- **Data provided**
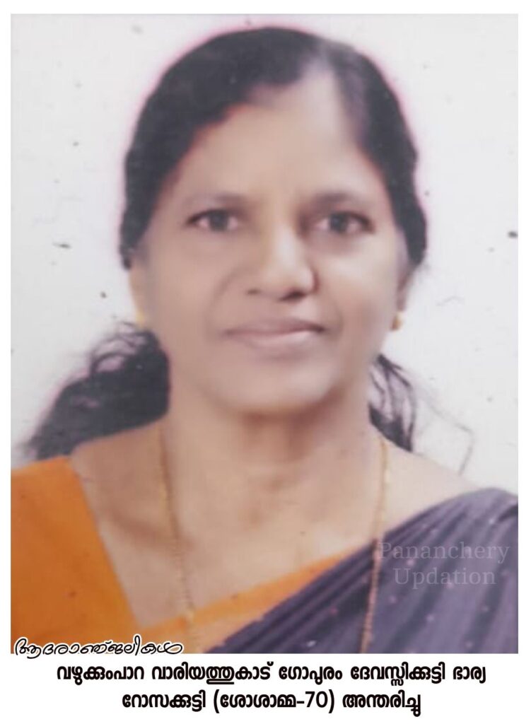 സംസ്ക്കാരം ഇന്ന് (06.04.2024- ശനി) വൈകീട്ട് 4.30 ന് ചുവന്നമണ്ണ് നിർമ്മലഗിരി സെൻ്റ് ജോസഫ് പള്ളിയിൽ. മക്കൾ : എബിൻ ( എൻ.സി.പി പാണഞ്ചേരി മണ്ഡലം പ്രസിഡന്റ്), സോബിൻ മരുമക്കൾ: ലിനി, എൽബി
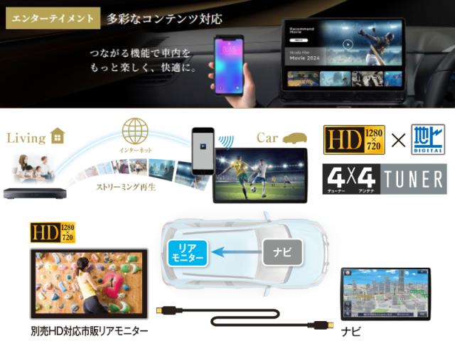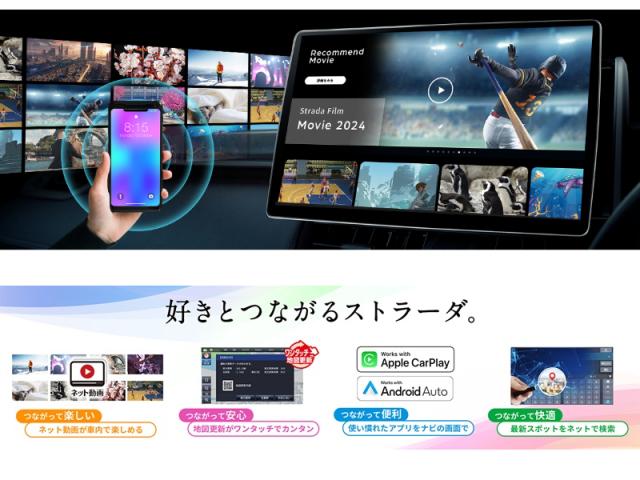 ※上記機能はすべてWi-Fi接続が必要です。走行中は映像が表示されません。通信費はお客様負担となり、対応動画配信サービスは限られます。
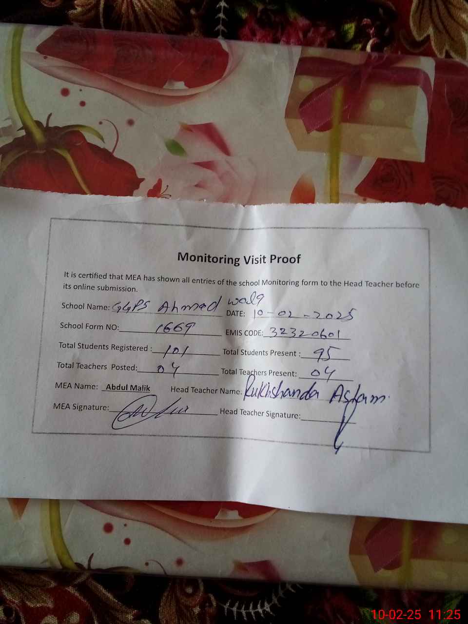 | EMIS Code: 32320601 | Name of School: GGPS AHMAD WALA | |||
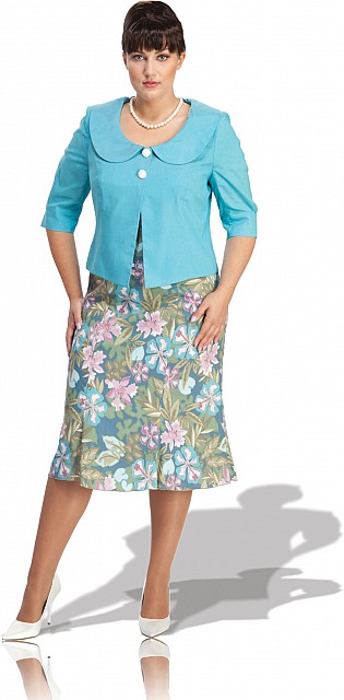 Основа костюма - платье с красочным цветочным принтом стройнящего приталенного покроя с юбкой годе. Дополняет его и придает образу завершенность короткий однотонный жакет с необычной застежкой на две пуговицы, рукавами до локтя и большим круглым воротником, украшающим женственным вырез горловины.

- **What you have to do**
Please give the data again in full, exactly as written, but without any images.

- **Exercise response**
 സംസ്ക്കാരം ഇന്ന് (06.04.2024- ശനി) വൈകീട്ട് 4.30 ന് ചുവന്നമണ്ണ് നിർമ്മലഗിരി സെൻ്റ് ജോസഫ് പള്ളിയിൽ. മക്കൾ : എബിൻ ( എൻ.സി.പി പാണഞ്ചേരി മണ്ഡലം പ്രസിഡന്റ്), സോബിൻ മരുമക്കൾ: ലിനി, എൽബി
 ※上記機能はすべてWi-Fi接続が必要です。走行中は映像が表示されません。通信費はお客様負担となり、対応動画配信サービスは限られます。
 | EMIS Code: 32320601 | Name of School: GGPS AHMAD WALA | |||
 Основа костюма - платье с красочным цветочным принтом стройнящего приталенного покроя с юбкой годе. Дополняет его и придает образу завершенность короткий однотонный жакет с необычной застежкой на две пуговицы, рукавами до локтя и большим круглым воротником, украшающим женственным вырез горловины.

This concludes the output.